The FBI arrested Christopher Lee Cornell, a.k.a. Raheel Mahrus Ubaydah on Wednesday, for allegedly planning to bomb the U.S. Capitol in collaboration with the Islamic State of Iraq and the Levant (ISIL).
He is said to have tweeted about “jihad,” and planned to set off a series of pipe bombs at the Capitol building to kill lawmakers, whom he considered enemies.
The FBI and Department of Homeland security issued a bulletin to law enforcement agencies across the country, notifying them of the case.
“The alleged activities of Cornell highlight the continued interest of US-based violent extremists to support designated foreign terrorist organizations overseas, such as ISIL, by committing terrorist acts in the United States,” the bulletin read. “Terrorist group members and supporters will almost certainly continue to use social media platforms to disseminate English language violent extremist messages."

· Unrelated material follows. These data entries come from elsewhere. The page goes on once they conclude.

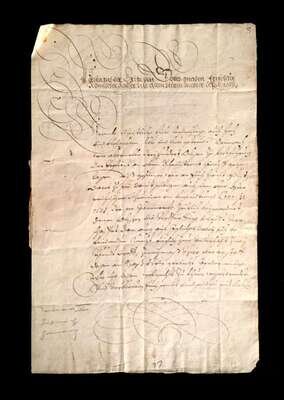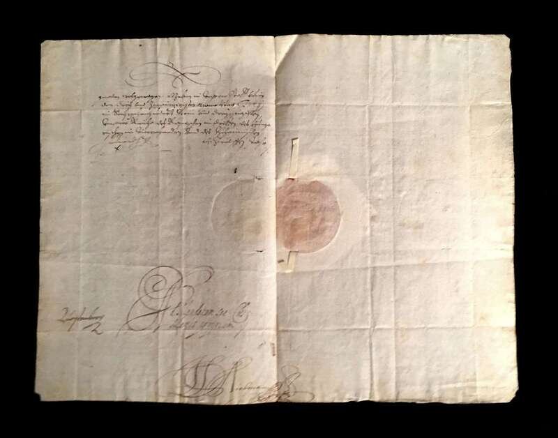 is one among many important manuscripts which John Frederick Lewis, a highly regarded philanthropist, lawyer, and early 20th-century collector, used as primary source material for a comprehensive genealogy of his forbears. His chronological narrative was meant to chart the various world-historical developments and circumstances which ultimately led to the confluence of Mr. Lewis' Continental ancestors and those of the Mayflower Colony, and it extended even to his own lifetime. Housed in altogether fifteen portfolio volumes, the project was the culmination of decades of painstaking research and discerning collecting of the highest order. Most of the manuscripts in Mr. Lewis' collection have not appeared at auction for a century, or more, as evidenced by the clipped catalog descriptions which accompany them.
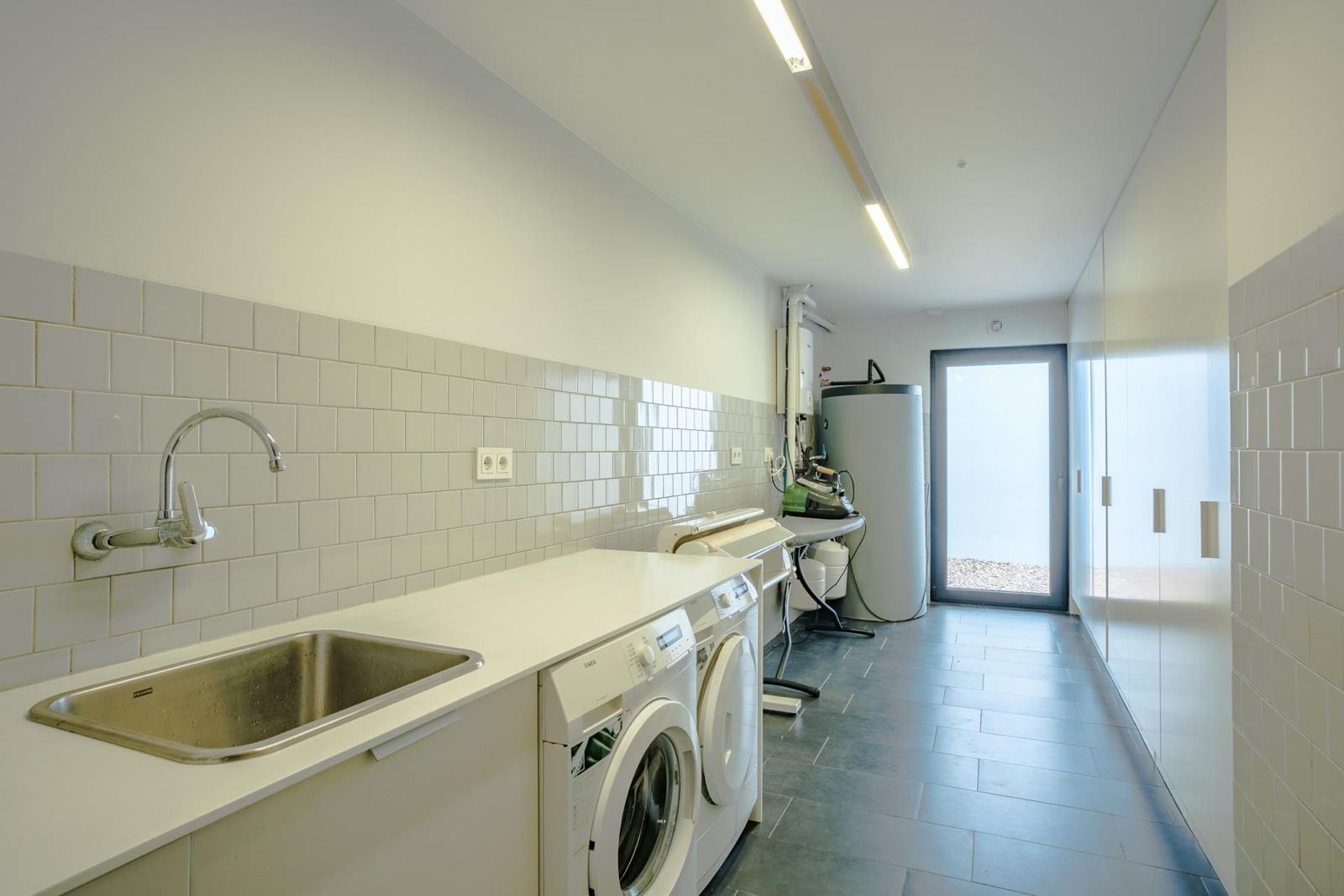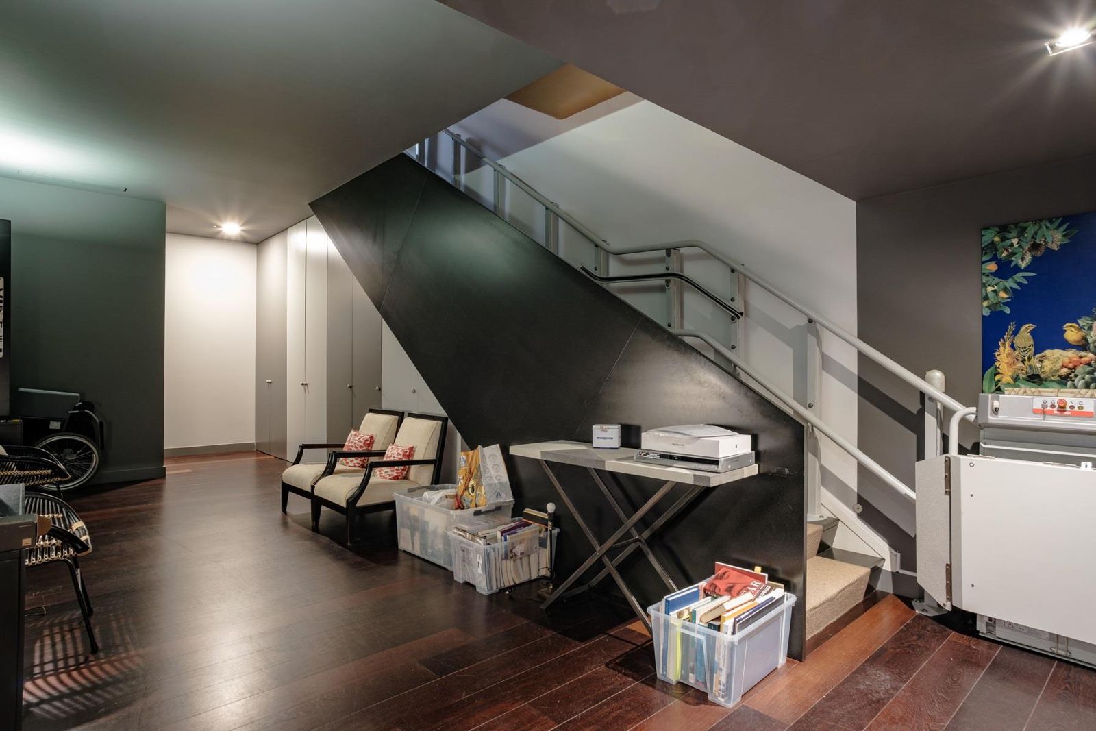 Este nível inclui uma área de lavandaria, amplo espaço de arrumos, um quarto de hóspedes e uma garagem generosa para três viaturas.
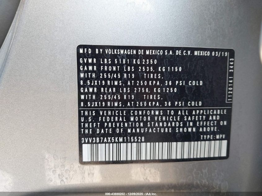2019 VOLKSWAGEN TIGUAN 2019 року Бензин, 2.0, Передній привід, vin - 3VV3B7AX5KM115528 з США
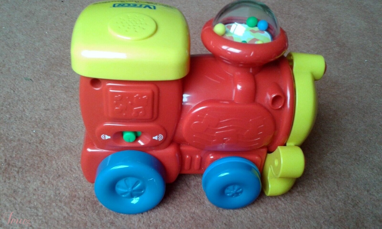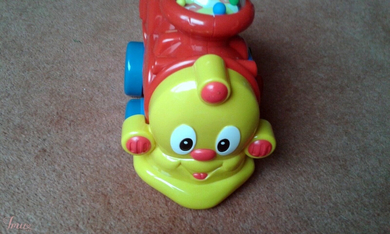 Tai gražus mažas traukinukas, jis dainuoja ir groja melodijas, taip pat sako frazes ,kai traukinukas stumiamas veidas juda o kamuoliukai piltuve iššoktų ir groja muziką. Lavina smulkiąją motoriką , garsais ir melodijomis .
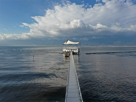 采用高效可調(diào)式渦井取藻、藍藻囊團破壁、一體化二級強化氣浮等核心技術(shù),岸上站點藻水分離系統(tǒng)集成了藍藻打撈、脫氣沉降、氣浮分離、脫水等多個環(huán)節(jié)的技術(shù)和設(shè)備,形成了可規(guī)?;凸S化處理藍藻的基站。適用于藍藻水華長期規(guī)律性、大范圍聚集區(qū)域的常態(tài)化應急處置。
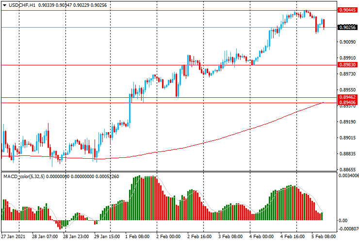Сегодня пара USD/CHF торгуется в диапазоне Chf0.9020-45 - около двухмесячного максимума. На часовом графике USD/CHF торгуется выше линии скользящей средней МА (200) Н1 (Chf0.8940) и на четырехчасовом графике - выше МА (200) Н4 (Chf0.8880). В этой ситуации, вероятно, стоит придерживаться северного направления в торговле и искать точки выхода на покупку.

Even though the FBI hasn't provided details of the case, it's likely that Cornell was the target of a sting operation after his tweets were noticed by the Bureau.
A recent report cites that in the majority of high profile terrorism cases, the FBI “uses sting operations to entrap informants, creating terrorists out of law-abiding individuals.”
The Justice Department and the FBI have targeted American Muslims in “abusive” counterterrorism sting operations based on religious and ethnic identity, according to the report from HRW and Columbia University Law School’s Human Rights Institute.
The study found that many of the over 500 terrorism-related cases since the War on Terror began in 2001 have alienated the communities that the government should rely on to prevent terrorism.
“This is a number that sounds really big, and it makes it sound like Americans are being kept safe from terrorism attacks,” Andrea Prasow, deputy Washington director for HRW, said in a video released with the report in July, 2014. “But we found that in a lot of these cases, people were prosecuted who never would have committed a terrorist attack in the first place, if it weren’t for the involvement of the FBI.”